MT1-Gewebevergleich mittels PCR Theorie:

In einer PCR wird ein gewünschtes Produkt in verschiedenen Geweben amplifiziert. Danach wird die Templatemenge semiquantitativ durch die Stärke der Banden auf einem Agarosegel verglichen. Die Qualität der cDNA wird in einer parallel durchgeführten PCR mit Gen-spezifischen Primern eines sogenannten „housekeeping genes”, der murinen Hypoxanthin-Guanine-Phosphoribosyl-Transferase (HPRT), untersucht (LEE et al., 2001).

Material:

- MT1-Primer, 10 pmol/µl (siehe 3.2.5.)

- siehe 3.2.5., es wurde jedoch ein 25 µl Ansatz eingesetzt

- Primerpaar Maus Hypoxanthin-Guanine-Phosphoribosyl-Transferase (HPRT) (MWG-Biotech, Ebersberg, Deutschland)

Sense Primer mHPRT

5’- CCT GCT GGA TTA CAT TAA AGC - 3’

Antisense Primer mHPRT

5’- GTT GTT GGA TAT GCC CTT GAC 3’

Amplikon 352 bp Methode:

Die RNA wurde aus verschiedenen Geweben nach der Methode, beschrieben unter 3.2.2., extrahiert. Die cDNA-Synthese erfolgte ausgehend von 5 µg RNA. Die RNA wurde mit aqua bidest. auf ein Volumen von 10 µl aufgefüllt, mit 1 µl Oligo dT-Primern (500 ng/µl, Gibco BRL, Life Technologies, Grand Island, NY, USA) versetzt und für 10 Minuten bei 70°C inkubiert. Das Reaktionsgefäß wurde kurz anzentrifugiert und sofort auf Eis abgekühlt.
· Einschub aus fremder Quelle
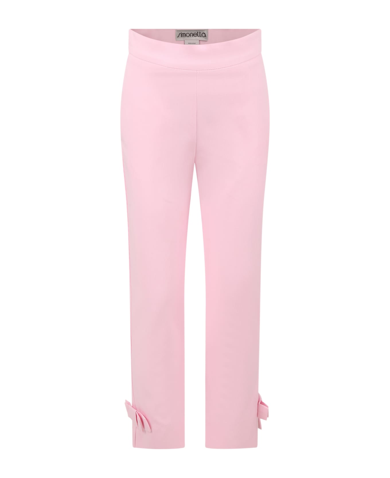 Pink trousers, with side zip closure, adjustable waist thanks to an internal elastic with button, side pockets. They are embellished with bow on the sides.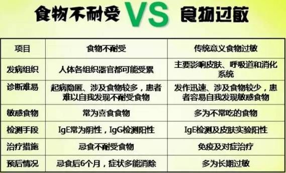 最后,有关食物过敏与食物不耐受的区别,不如让我们用表格对比的形式更为直观地展现,请看下图: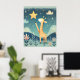 Esta trabalho de arte retrata uma cena encantadora de uma girafa chegando em direção a uma estrela brilhante e ouro contra um pano de fundo de um céu noturno estrelado. A expressão suave e longa da girafa transmite um senso de maravilha e curiosidade. A ilustração é feita em estilo macio e caprichoso, com texturas delicadas e uma paleta de cor suave, criando uma atmosfera calmante e encantadora.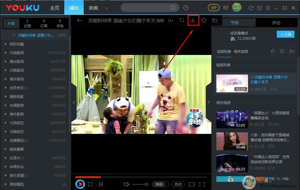 1、打開優(yōu)酷客戶端,播放你想下載的視頻,然后點(diǎn)擊右上角的“下載”,如下圖;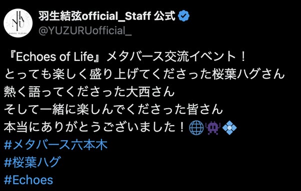 そんな大切な日である2月26日(水)に、一夜限りの限定イベント「羽生結弦 『Echoes of Life』交流イベント in メタバース六本木」が開催されました。

Danach wurde ein Premix, bestehend aus 4 µl 5x First strang buffer (Gibco), 2 µl 100 mM DTT (Gibco), 1 µl 10 mM dNTP (je 10 mM dATP, dTTP, dCTP, dGTP, Genecraft), 1 µl RNase-Inhibitor (RNase Out, 40 U/µl, Gibco) und 1 µl Reverse Transkiptase (Superscript Π, 200 U/µl, Gibco) hinzugefügt. Der Ansatz wurde für 1 Stunde bei 45°C im Heizblock inkubiert und anschließend für 10 Minuten bei 70°C inaktiviert. Der 20 µl-cDNA-Ansatz wurde auf ein Volumen von 100 µl mit aqua bidest. aufgefüllt, das heißt 1: 5 verdünnt.

Hiervon wurde jeweils 1 µl cDNA in einer PCR mit Gen-spezifischen Maus MT1-Primern und einer PCR mit Gen-spezifischen Maus HPRT-Primern in einen 50 µl-Ansatz eingesetzt:

5 µl 10x Biotherm-Puffer (Gene Craft, Münster, Deutschland) 1,0 µl 10mM dNTP-Mix (Gene Craft)
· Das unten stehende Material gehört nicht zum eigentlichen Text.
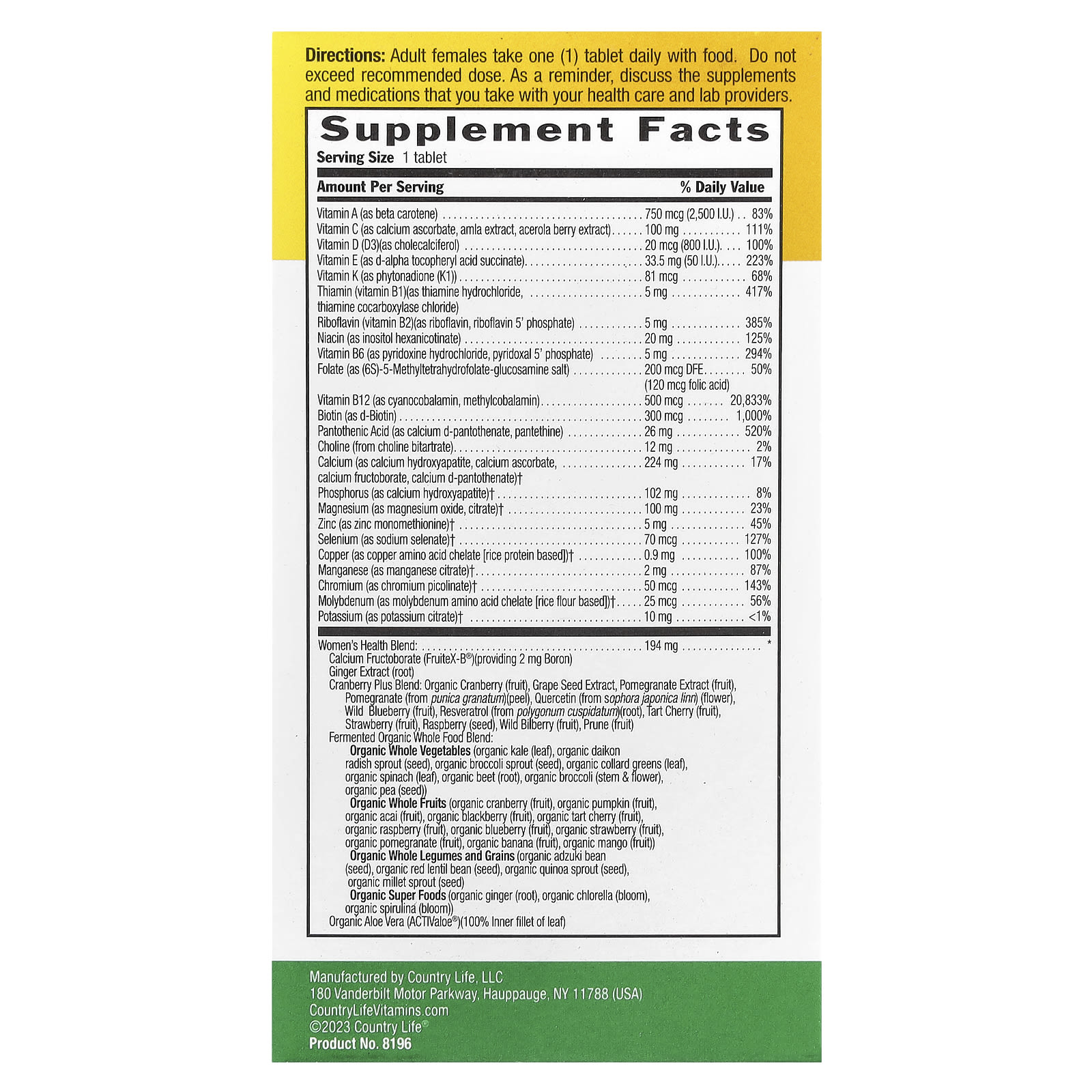 Взрослые женщины принимают по одной (1) таблетке в день во время еды. Не превышайте рекомендуемую дозу. Напоминаем о необходимости обсудить добавки и лекарства, которые вы принимаете, со своим врачом.

1,0 µl Primer Sense (10 pmol/µl) 1,0 µl Primer Antisense (10 pmol/µl)

0,1 µl (MT1-Primer) bzw. 0, 2 µl (HPRT-Ptimer) Taq-Polymerase 5 U/µl (Gene Craft)

40,9 µl (MT1-Primer) bzw. 40,8 µl (HPRT-Primer) PCR-H2O: Roti®Solv HPLC (Roth, Karlsruhe, Deutschland)

Das Thermocycler-Programm zum Nachweis des murinen Melatoninrezeptors Typ1 (MT1) entsprach jenem Programm, das bereits unter 3.2.5. beschrieben wurde.

Programm zum Nachweis des Enzyms Hypoxanthin-Phosphoribosyl-Transferase (HPRT) der Maus

Hot start 80°C, 5 Minuten 30 Zyklen: 95°C, 1 Minute (Denaturierung), 55°C, 1 Minute, dann zweimal 53°C, zweimal 51°C, zweimal 49°C, zweimal 47°C und zweimal 45°C (Annealing, sogenannter „touch down”), 72°C, 1 Minute (Elongation)

Abschließend 10 Minuten bei 72°C, dann gekühlt auf +4°C

Es wurde cDNA der Spezies Maus aus 9-10 Tage alten Embryonen und folgenden adulten Geweben eingesetzt: Gesamtgehirn, Hypothalamus, Hoden, Nebenhoden, Herz, Leber, Niere, Milz und Lunge. Nach Abschluß der PCR wurden 5 µl Probe mit 2 µl 6x Loading Buffer und 5 µl H2O auf ein 2%-iges Agarosegel aufgetragen und nach der Elektrophorese unter UV-Licht dokumentiert.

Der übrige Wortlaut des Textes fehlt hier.